▸ Exercise: When the line containing "今日から11月になります。先" appears in the data below, begin copying there and stop only after the line containing "Chic Elegant Custom".

▸ Available records:

Segment Open

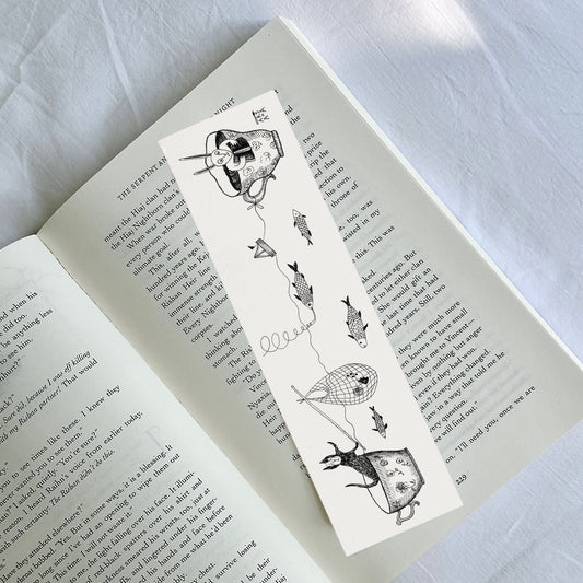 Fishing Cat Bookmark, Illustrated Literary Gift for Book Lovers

Segment Closed
Segment Open

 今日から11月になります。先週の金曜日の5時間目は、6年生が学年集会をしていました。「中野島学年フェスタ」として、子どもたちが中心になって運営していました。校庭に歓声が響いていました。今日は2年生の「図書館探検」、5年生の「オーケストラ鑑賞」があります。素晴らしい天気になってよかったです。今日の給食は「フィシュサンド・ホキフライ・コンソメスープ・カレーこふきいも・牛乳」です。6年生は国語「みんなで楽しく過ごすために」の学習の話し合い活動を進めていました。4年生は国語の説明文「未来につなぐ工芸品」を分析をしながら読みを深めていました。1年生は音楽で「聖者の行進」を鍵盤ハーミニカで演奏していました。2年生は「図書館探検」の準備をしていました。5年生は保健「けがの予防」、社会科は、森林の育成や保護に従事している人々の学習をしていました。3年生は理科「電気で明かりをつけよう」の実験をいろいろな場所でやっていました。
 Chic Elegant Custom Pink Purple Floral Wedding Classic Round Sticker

Segment Closed

▸ Answer to this exercise:
 今日から11月になります。先週の金曜日の5時間目は、6年生が学年集会をしていました。「中野島学年フェスタ」として、子どもたちが中心になって運営していました。校庭に歓声が響いていました。今日は2年生の「図書館探検」、5年生の「オーケストラ鑑賞」があります。素晴らしい天気になってよかったです。今日の給食は「フィシュサンド・ホキフライ・コンソメスープ・カレーこふきいも・牛乳」です。6年生は国語「みんなで楽しく過ごすために」の学習の話し合い活動を進めていました。4年生は国語の説明文「未来につなぐ工芸品」を分析をしながら読みを深めていました。1年生は音楽で「聖者の行進」を鍵盤ハーミニカで演奏していました。2年生は「図書館探検」の準備をしていました。5年生は保健「けがの予防」、社会科は、森林の育成や保護に従事している人々の学習をしていました。3年生は理科「電気で明かりをつけよう」の実験をいろいろな場所でやっていました。
 Chic Elegant Custom Pink Purple Floral Wedding Classic Round Sticker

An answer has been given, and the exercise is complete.